Here we provide an simple example.

In [5]:
### import libraries here ###
from sklearn.linear_model import LogisticRegression
from sklearn.preprocessing import scale

### code classifier here ###
def format_data(df):
    # append numberical columns
    rst = df.loc[:,["price","volume","bestBid","bestAsk",'bestBidVolume',
                    'bestAskVolume','lv2Bid', 'lv2BidVolume','lv2Ask', 
                    'lv2AskVolume', 'lv3Bid', 'lv3BidVolume', 'lv3Ask',
                    'lv3AskVolume']]
    # encode the binaries
    rst["isBid"] = df.isBid*1
    rst["isBuyer"] = df.isBuyer*1
    rst["isAggressor"] = df.isAggressor*1
    rst["type"] = (df.type == "ORDER")*1
    rst["source"] = (df.source=="USER")*1
    # parse the order id data
    rst["orderId"] = df.orderId.str.split('-').str[-1]
    rst["tradeId"] = df.tradeId.str.split('-').str[-1]
    rst["bidOrderId"] = df.bidOrderId.str.split('-').str[-1]
    rst["askOrderId"] = df.askOrderId.str.split('-').str[-1]
    # encode the multiple lable data
    tmp_operation = pd.DataFrame(pd.get_dummies(df.operation), columns=df.operation.unique()[:-1])
    rst = pd.concat([rst, tmp_operation], axis=1)
    tmp_endUserRef = pd.DataFrame(pd.get_dummies(df.endUserRef), columns=df.endUserRef.unique()[:-1])
    rst = pd.concat([rst, tmp_endUserRef], axis=1)
    return rst

def detect_spoofying(X_train, X_test, y_train):
    # clean up the data
    X_clean = format_data(pd.concat([X_train, X_test]))
    X_clean = X_clean.fillna(-1)
    X_train_clean = X_clean.iloc[:X_train.shape[0],:]
    X_test_clean = X_clean.iloc[X_train.shape[0]:,:]
    X_train_clean_scaled = scale(X_train_clean)
    X_test_clean_scaled = scale(X_test_clean)

    # fit classifier
    clf = LogisticRegression(random_state=0, class_weight='balanced').fit(X_train_clean_scaled, y_train)
    y_train_prob_pred = clf.predict_proba(X_train_clean_scaled)
    y_test_prob_pred = clf.predict_proba(X_test_clean_scaled)
    return y_train_prob_pred, y_test_prob_pred

**score** is the function that we use to compare the results. An example is provided with scoring the predictions for the training dataset. True labels for the testing data set will be supplied to score the predictions for testing dataset.

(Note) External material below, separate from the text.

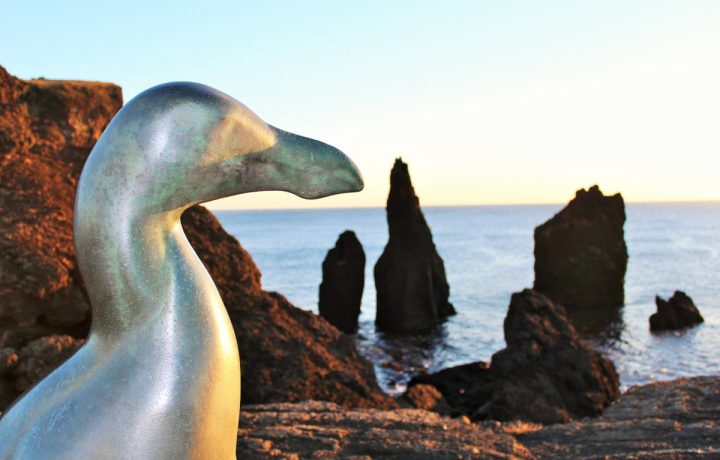 От стихии огня мы отправимся к стихии воды: дорога приведет вас к Бримкетилл — удивительно живописному природному бассейну, который волны Атлантики вырезали в мягкой лавовой породе. По легенде это место выбрали для купания сами исландские тролли. Купаться в Бримкетилл опасно из-за океанического прибоя — зато снимки получаются превосходные! После мы переместимся на пляж к памятнику исчезнувшей птице — белокрылой гагарке. На прибрежных скалах летом вы увидите гнездующиеся шумные колонии северной олуши, а иногда, если повезет, с берега можно увидеть спины китов, проплывающих недалеко от берега.
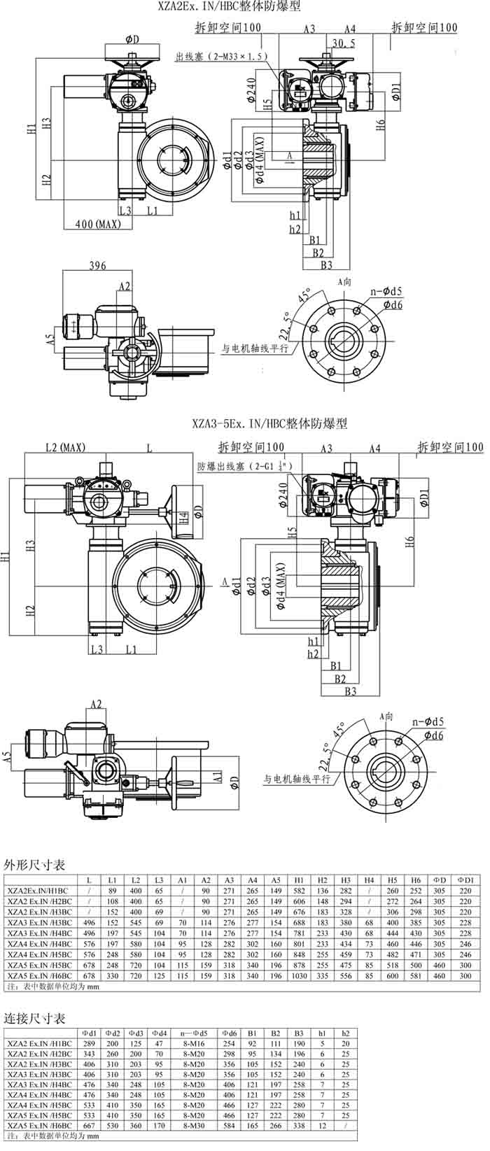 XZA-HBC整體防爆型產品外形及連接尺寸

Score is based on cohen's kappa measurement. https://en.wikipedia.org/wiki/Cohen%27s_kappa

In [6]:
from sklearn.metrics import cohen_kappa_score

def score(y_pred, y_true):
    """
    y_pred: a numpy 4d array of probabilities of point assigned to each label
    y_true: a numpy array of true labels
    """
    y_pred_label = np.argmax(y_pred, axis=1)
    return cohen_kappa_score(y_pred_label, y_true)

**wrapper** is the main function to read in unzipped data and output a score for evaluation. In addition, the function returns the y probability matrix (both train and test) for grading. More details about submitting format are outlined below.

In [7]:
def wrapper():
    # read in data
    X_train, X_test, y_train = read_data_small()
    # or if you have the computational power to work with the big data set, 
    # you can comment out the read_data_samll line and uncomment the following read_data_big
    # X_train, X_test, y_train = read_data_big()
    
    # process the data, train classifier and output probability matrix
    y_train_prob_pred, y_test_prob_pred = detect_spoofying(X_train, X_test, y_train)
    
    # score the predictions
    score_train = score(y_train_prob_pred, y_train)
    # score_test = score(y_test_prob_pred, y_test)
    
    # return the scores
    return score_train, y_train_prob_pred, y_test_prob_pred

Call function wrapper:

In [8]:
score_train, y_train_prob_pred, y_test_prob_pred = wrapper()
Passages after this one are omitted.